◆ Task instructions
When you reach the line containing "On 24 August, a", begin reproducing the material exactly, stop after the line containing "片側に引出し、片側にフラップ", and leave out any pictures along the way.

◆ Data excerpts
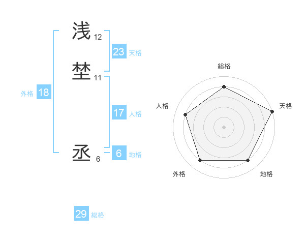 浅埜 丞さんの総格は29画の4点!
--
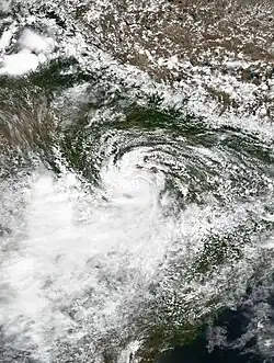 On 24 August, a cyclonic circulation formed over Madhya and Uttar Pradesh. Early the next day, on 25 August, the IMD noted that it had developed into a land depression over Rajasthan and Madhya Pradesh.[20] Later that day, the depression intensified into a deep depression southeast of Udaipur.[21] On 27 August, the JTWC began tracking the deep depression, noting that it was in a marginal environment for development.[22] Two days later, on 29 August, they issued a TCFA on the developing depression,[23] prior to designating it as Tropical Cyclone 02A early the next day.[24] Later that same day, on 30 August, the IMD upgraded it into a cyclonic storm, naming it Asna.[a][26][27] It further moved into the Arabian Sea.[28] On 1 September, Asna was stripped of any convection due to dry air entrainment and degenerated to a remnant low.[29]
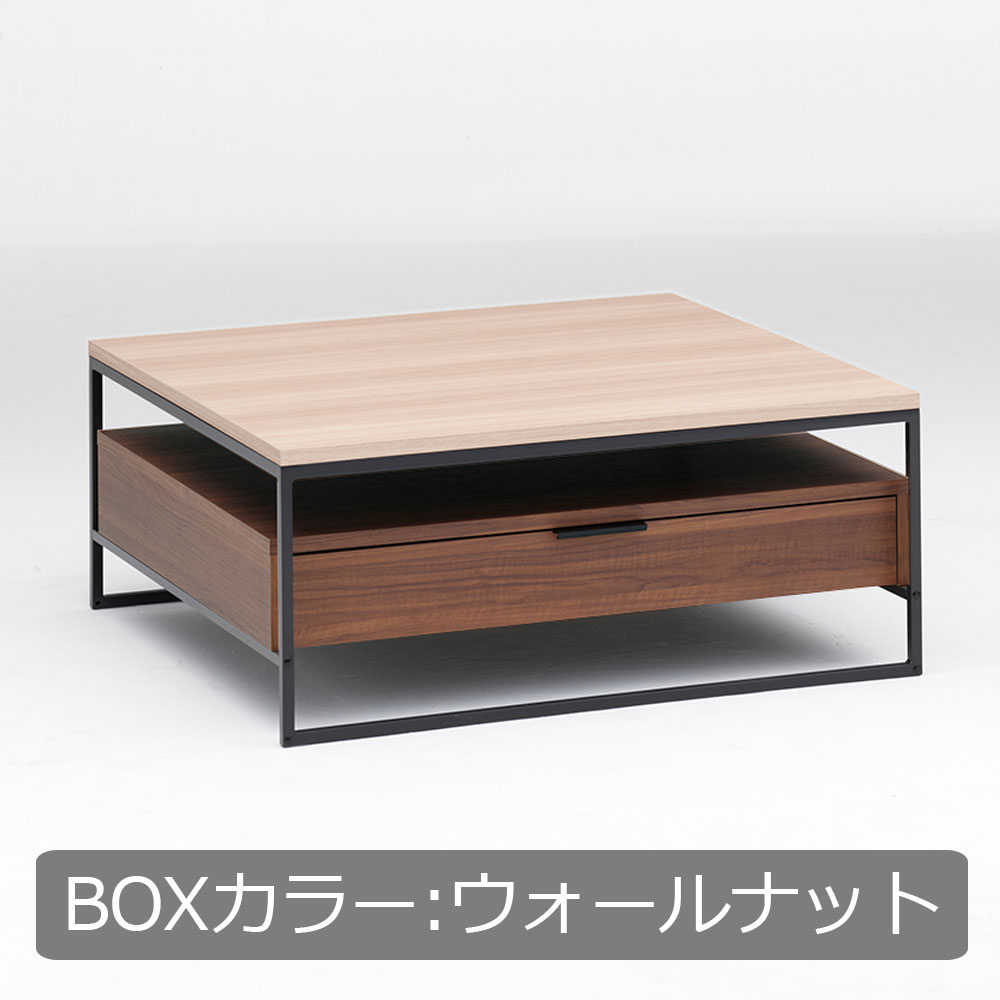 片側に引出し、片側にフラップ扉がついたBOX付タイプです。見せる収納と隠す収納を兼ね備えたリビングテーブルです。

◆ Task result
 On 24 August, a cyclonic circulation formed over Madhya and Uttar Pradesh. Early the next day, on 25 August, the IMD noted that it had developed into a land depression over Rajasthan and Madhya Pradesh.[20] Later that day, the depression intensified into a deep depression southeast of Udaipur.[21] On 27 August, the JTWC began tracking the deep depression, noting that it was in a marginal environment for development.[22] Two days later, on 29 August, they issued a TCFA on the developing depression,[23] prior to designating it as Tropical Cyclone 02A early the next day.[24] Later that same day, on 30 August, the IMD upgraded it into a cyclonic storm, naming it Asna.[a][26][27] It further moved into the Arabian Sea.[28] On 1 September, Asna was stripped of any convection due to dry air entrainment and degenerated to a remnant low.[29]
 片側に引出し、片側にフラップ扉がついたBOX付タイプです。見せる収納と隠す収納を兼ね備えたリビングテーブルです。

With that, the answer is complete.